* **Exercise brief**:
An exact transcription of the entries is required, with no images included.

* **Source data**:
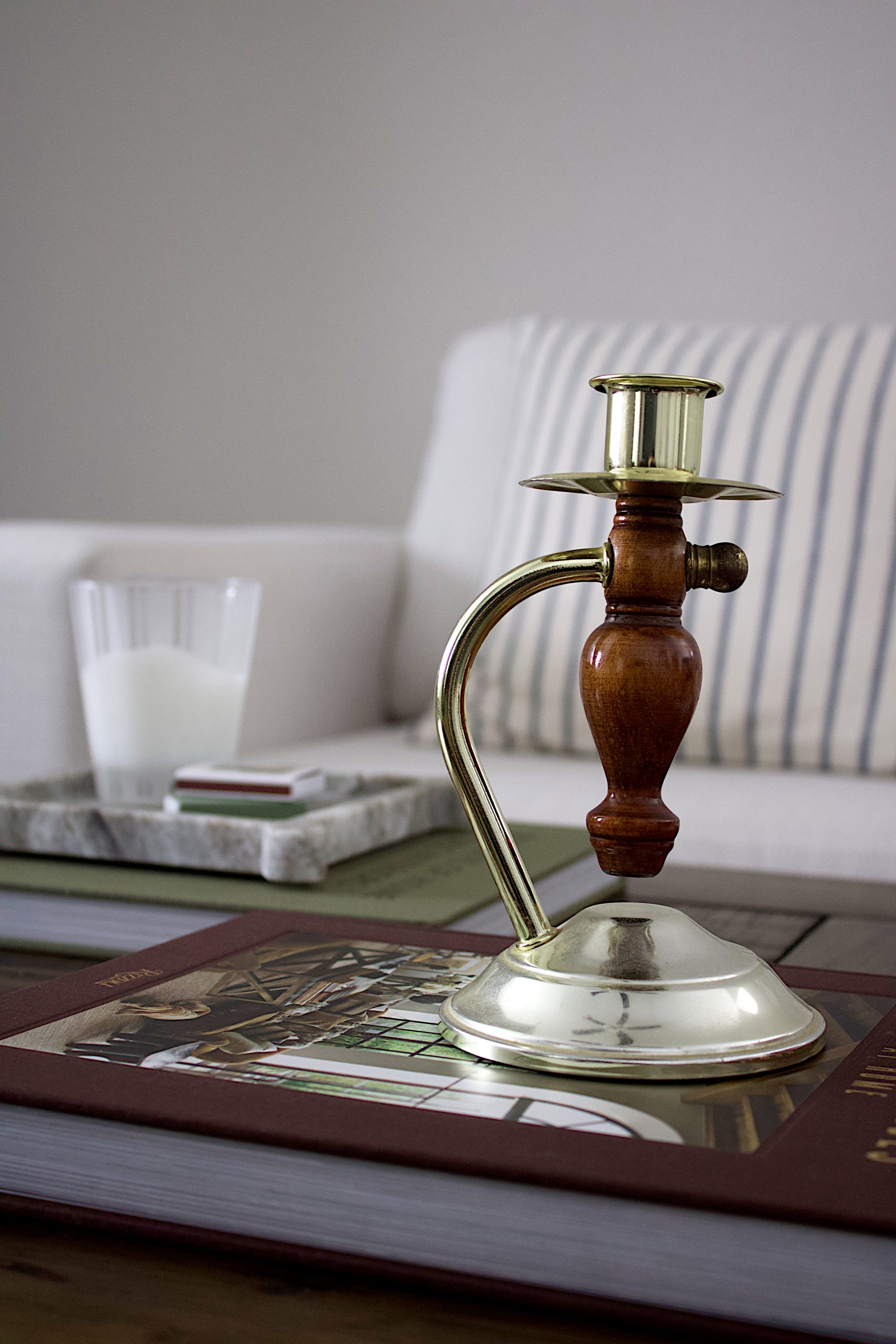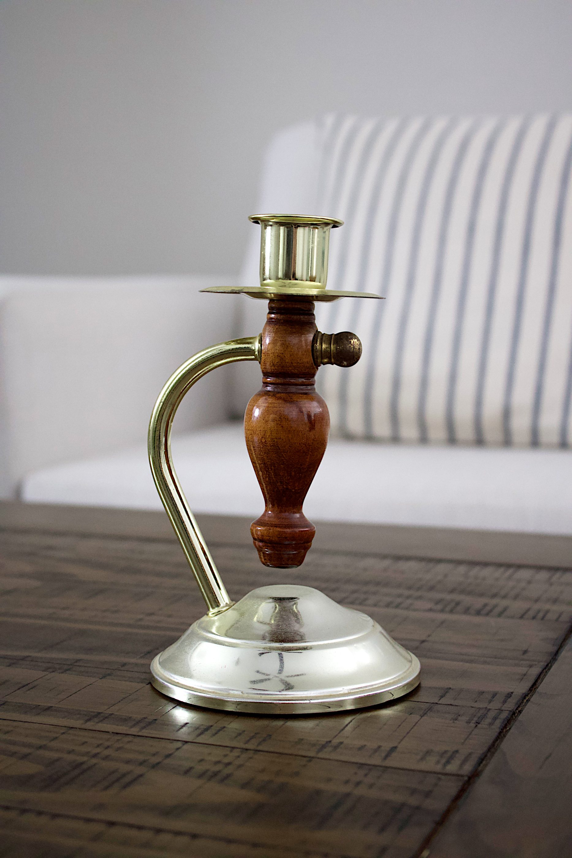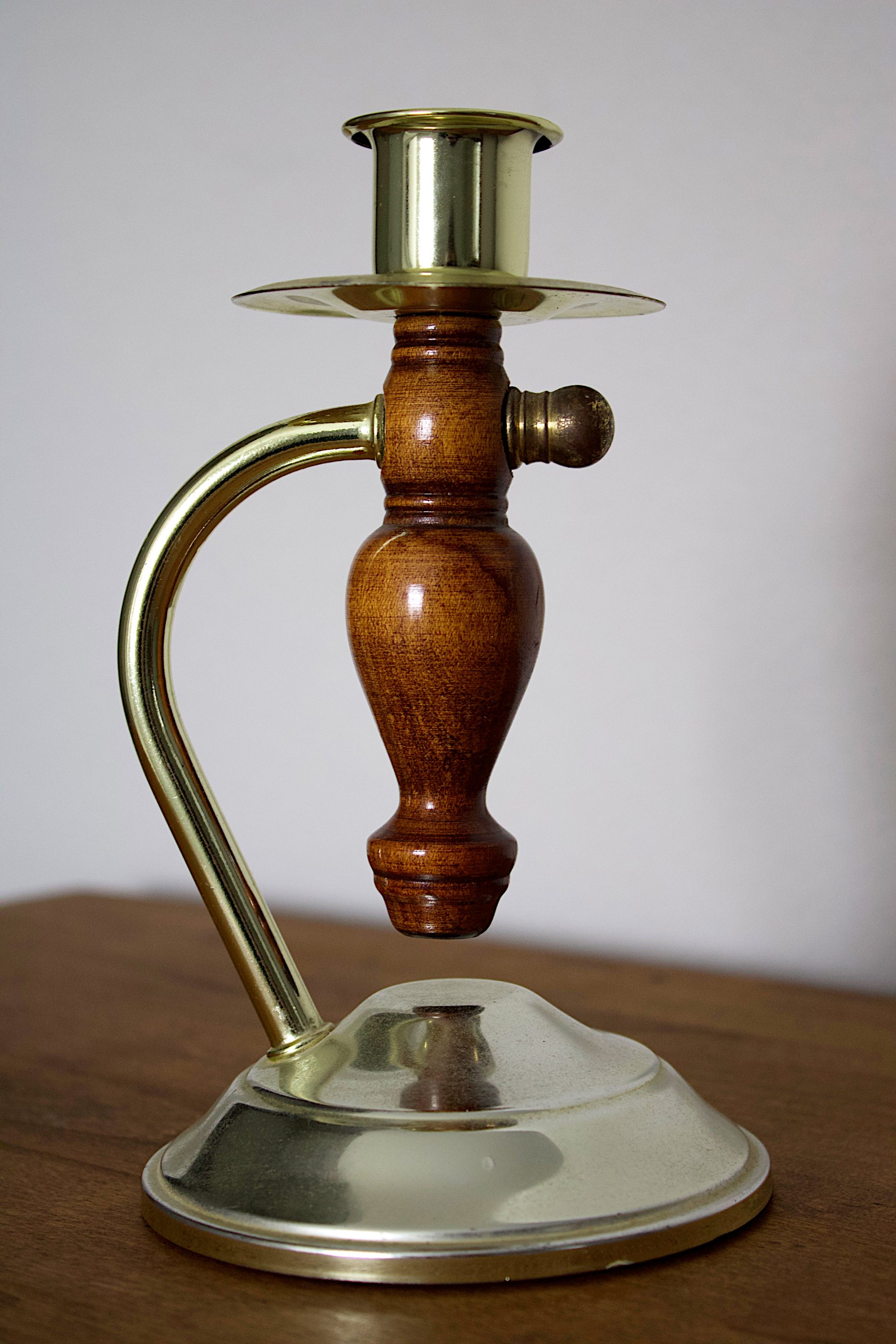 A single vintage candlestick crafted from turned wood with brass detailing. Warm in tone and classic in form, this piece adds timeless character to shelves, mantels, and tables. Holds a standard taper candle and shows natural patina consistent with age.
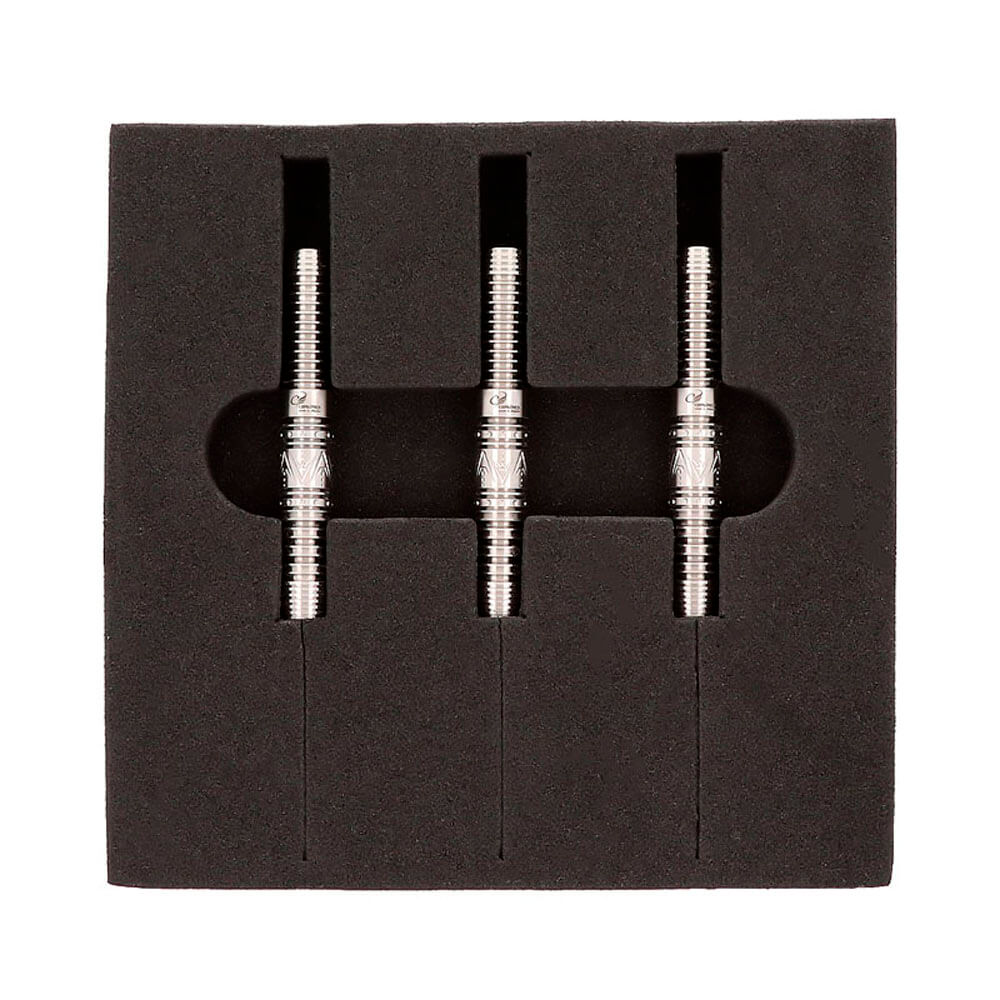 El barril está dividido visual y funcionalmente. En la zona trasera, cuenta con una combinación de cortes de tiburón (shark cuts) y cortes anulares (ring cuts). Esta configuración está pensada para jugadores que "empujan" el dardo desde atrás, proporcionando una tracción máxima sin que el dardo resbale.
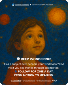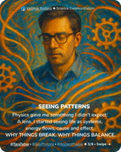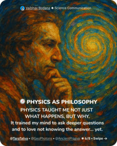 If physics can teach me to see pain, beauty, and balance—what can your favorite subject teach you? Maybe history makes you notice patterns in human behavior. Maybe biology helps you understand growth and change. The point is: learning doesn’t stop at exams. It keeps shaping how we see life, long after school ends. In the words of Carl Sagan, “Somewhere, something incredible is waiting to be known.” Let curiosity drive you. Think of the world as your lab, your library, your lens. And if physics ever speaks to you like it did to me—don’t ignore it. DM me if your favorite subject changed how you think. Let’s start a conversation.
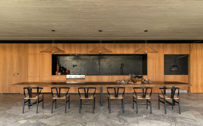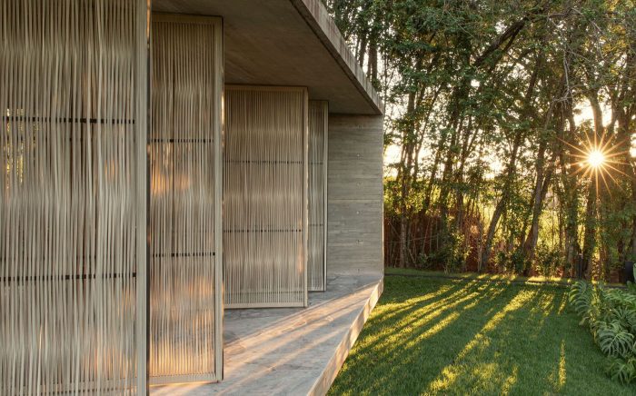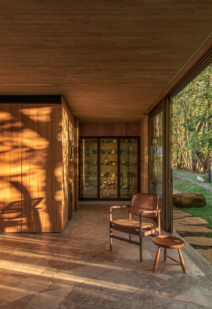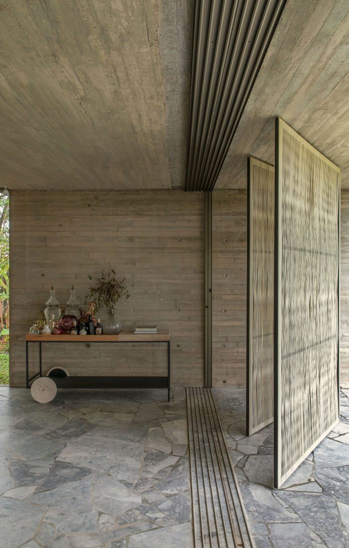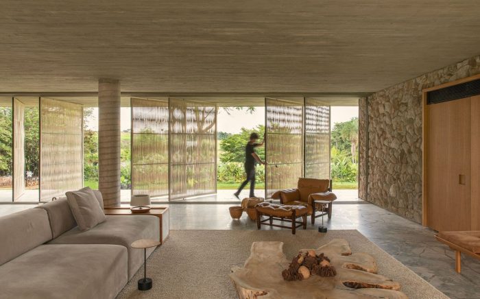 Light invades the interior through the rope brises, which bring beauty and dynamism to the facade, helping to provide sun protection and also privacy, when necessary. The house brings very pure lines throughout its extension, a direct connection with nature and the views, authentic materials, brutality, and softness allowing the sensations to be fully felt and appreciated!
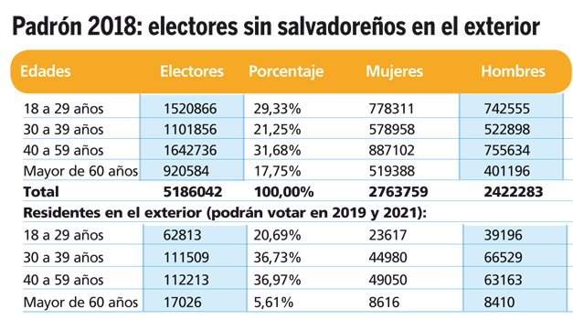 Si bien la tercera parte de los electores salvadoreños para 2018 no superan los 30 años, una cantidad mayor tiene edades que oscilan entre 30 y 59 años: un 52.9 %, de los cuales el 31.7 % oscila entre los 40 y 59 años.
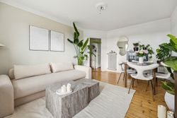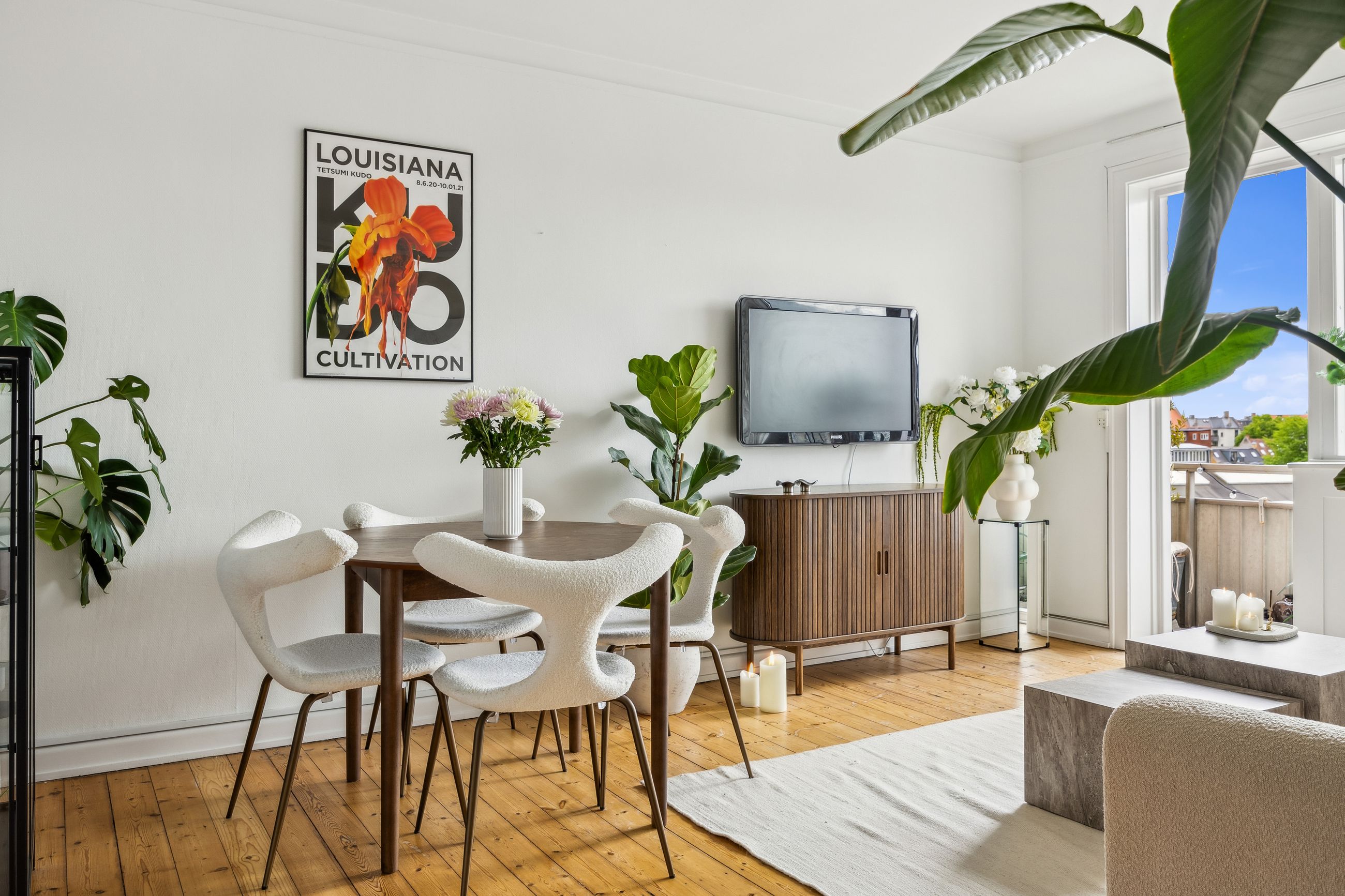 Stuen har en god størrelse med spise plads og sofa område - stuen er meget lys, idet vi er på 5. sal og med fri udsigt over den røde plads. Du kan nyde solen hele dagen fra lejligheden anden altan.
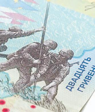 Por lo que el Banco Nacional de Ucrania presentó un billete conmemorativo al aniversario de la guerra, que muestra a tres sol-
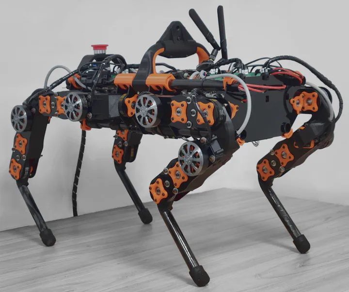 Presentamos un nuevo diseño de cuadrúpedo de 12 grados de libertad, centrado en reducir el costo y la complejidad de fabricación y maximizar el uso de componentes disponibles regionalmente. Para facilitar el ensamblado, las piernas son modulares, y los motores están lo mas cerca posible del cuerpo para reducir su inercia. Se utilizan motores brushless junto a controladores Odrive que permiten un control simple con su interfaz por CAN. El cuerpo contiene los motores de los hombros y toda la electrónica necesaria para su funcionamiento. Para controlar el cuadrúpedo se implementa el sistema operativo ROS2. Todos los procesos cruciales para el funcionamiento del robot se corren en la computadora a bordo, y los demás en una computadora externa. Se demuestra experimentalmente que cada pierna es capaz de saltar hasta 30 cm con un peso similar a un cuarto del cuerpo. Se ensayó el robot con peso agregado de hasta 4 kg y se observa buen rendimiento. Se creó un simulador en Pybullet para evaluar algoritmos de autonomía de manera eficiente. El costo total del robot es de aproximadamente 3000 USD. Todo el software y los modelos del hardware son de diseño abierto y pueden encontrarse en un repositorio público.
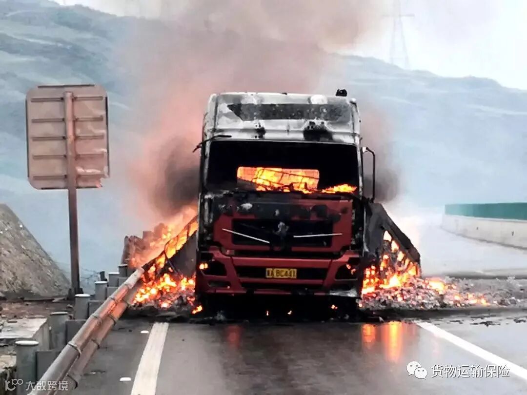 首先在发车前购买货运保险,火灾这种基本险就承保,基本险也便宜点。
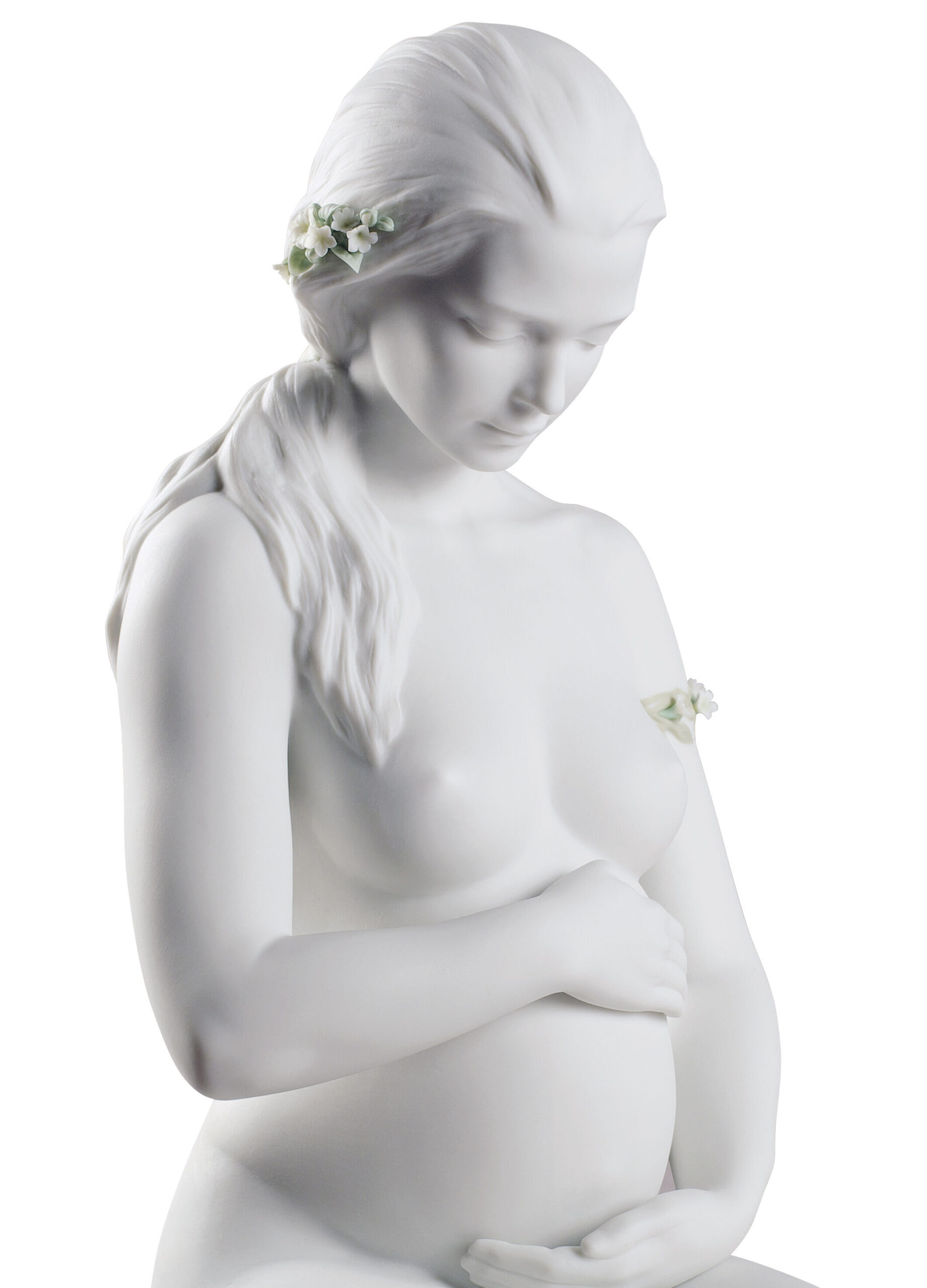 Serene and focused on the new life growing in her womb, this pregnant woman symbolises the beauty and fullness of motherhood. A matte white porcelain piece, ideal as a gift to a mother-to-be.

* **Expected output**:
 A single vintage candlestick crafted from turned wood with brass detailing. Warm in tone and classic in form, this piece adds timeless character to shelves, mantels, and tables. Holds a standard taper candle and shows natural patina consistent with age.
 El barril está dividido visual y funcionalmente. En la zona trasera, cuenta con una combinación de cortes de tiburón (shark cuts) y cortes anulares (ring cuts). Esta configuración está pensada para jugadores que "empujan" el dardo desde atrás, proporcionando una tracción máxima sin que el dardo resbale.
 If physics can teach me to see pain, beauty, and balance—what can your favorite subject teach you? Maybe history makes you notice patterns in human behavior. Maybe biology helps you understand growth and change. The point is: learning doesn’t stop at exams. It keeps shaping how we see life, long after school ends. In the words of Carl Sagan, “Somewhere, something incredible is waiting to be known.” Let curiosity drive you. Think of the world as your lab, your library, your lens. And if physics ever speaks to you like it did to me—don’t ignore it. DM me if your favorite subject changed how you think. Let’s start a conversation.
 Light invades the interior through the rope brises, which bring beauty and dynamism to the facade, helping to provide sun protection and also privacy, when necessary. The house brings very pure lines throughout its extension, a direct connection with nature and the views, authentic materials, brutality, and softness allowing the sensations to be fully felt and appreciated!
 Si bien la tercera parte de los electores salvadoreños para 2018 no superan los 30 años, una cantidad mayor tiene edades que oscilan entre 30 y 59 años: un 52.9 %, de los cuales el 31.7 % oscila entre los 40 y 59 años.
 Stuen har en god størrelse med spise plads og sofa område - stuen er meget lys, idet vi er på 5. sal og med fri udsigt over den røde plads. Du kan nyde solen hele dagen fra lejligheden anden altan.
 Por lo que el Banco Nacional de Ucrania presentó un billete conmemorativo al aniversario de la guerra, que muestra a tres sol-
 Presentamos un nuevo diseño de cuadrúpedo de 12 grados de libertad, centrado en reducir el costo y la complejidad de fabricación y maximizar el uso de componentes disponibles regionalmente. Para facilitar el ensamblado, las piernas son modulares, y los motores están lo mas cerca posible del cuerpo para reducir su inercia. Se utilizan motores brushless junto a controladores Odrive que permiten un control simple con su interfaz por CAN. El cuerpo contiene los motores de los hombros y toda la electrónica necesaria para su funcionamiento. Para controlar el cuadrúpedo se implementa el sistema operativo ROS2. Todos los procesos cruciales para el funcionamiento del robot se corren en la computadora a bordo, y los demás en una computadora externa. Se demuestra experimentalmente que cada pierna es capaz de saltar hasta 30 cm con un peso similar a un cuarto del cuerpo. Se ensayó el robot con peso agregado de hasta 4 kg y se observa buen rendimiento. Se creó un simulador en Pybullet para evaluar algoritmos de autonomía de manera eficiente. El costo total del robot es de aproximadamente 3000 USD. Todo el software y los modelos del hardware son de diseño abierto y pueden encontrarse en un repositorio público.
 首先在发车前购买货运保险,火灾这种基本险就承保,基本险也便宜点。
 Serene and focused on the new life growing in her womb, this pregnant woman symbolises the beauty and fullness of motherhood. A matte white porcelain piece, ideal as a gift to a mother-to-be.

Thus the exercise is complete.